No, Vector of RequestResult is stored.
https://github.com/hatoo/oha/blob/2167ab4646026b9524e9ae407d3778427a243081/src/client.rs#L42-L59
SQLite is only used in final output
RAM was oscillating between 930-950 MB RAM with TUI,
I think it's strange, because RAM consumption of oha should be only increase.
Maybe memory was swapped? This hypothesis answers why CPU utility was going low.
I have swap disabled, so that wouldn't be it. My uninformed guess is storage, but I don't know about oha's internals. How is request data stored as the load test occurs?

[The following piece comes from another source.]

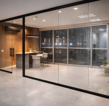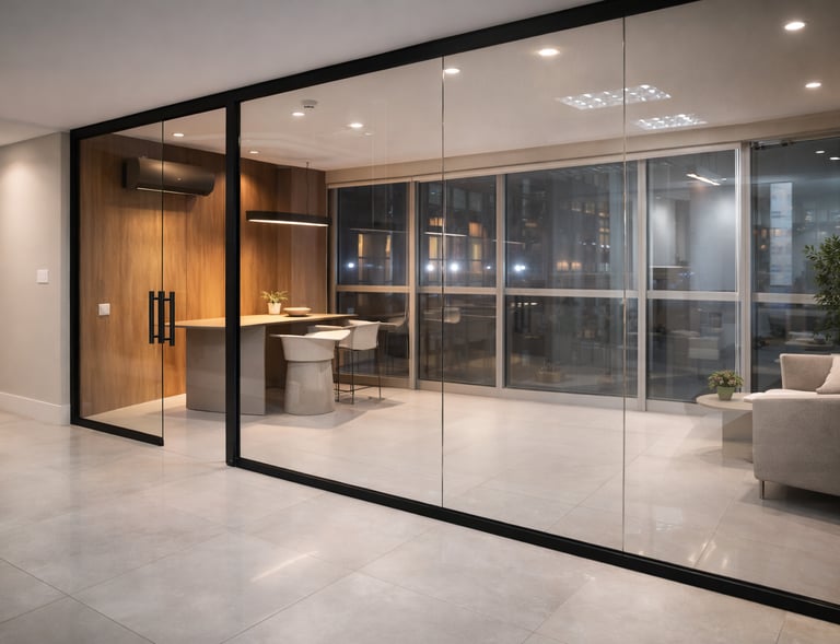 Divisórias em vidro temperado para escritórios

request and response timing is stored in dynamic array
I couldn't reproduce such a dramatic throughput drop on my side. Could you tell me your server's language (including version) and framework?
The server's in Rust too, axum. With a hello world server it happens too, at a lower scale, but I have to check if the throughput is seen in the CPU too.
I tried to check with a long load test but I can't, stuff starts to get killed before I get a chance to test for over two minutes.
Could you test with modified version of oha at #817 ? You can down load binaries from https://github.com/hatoo/oha/actions/runs/19035083308?pr=817
It reduces memory consumption. If this version keeps throughput longer, we can confirm that the root cause is likely memory consumption.
Sure! I'll check it out in a few hours when I get to my laptop.
I agree, that's exactly what happened to me. I didn't see the fight for CPU usage that that issue says hypothetically, though. Both oha's and the server's COU dropped as the throughput went down.
~I tried the binary of #817, but it doesn't even start now.~
The issue is still there, throughput drops as time passes.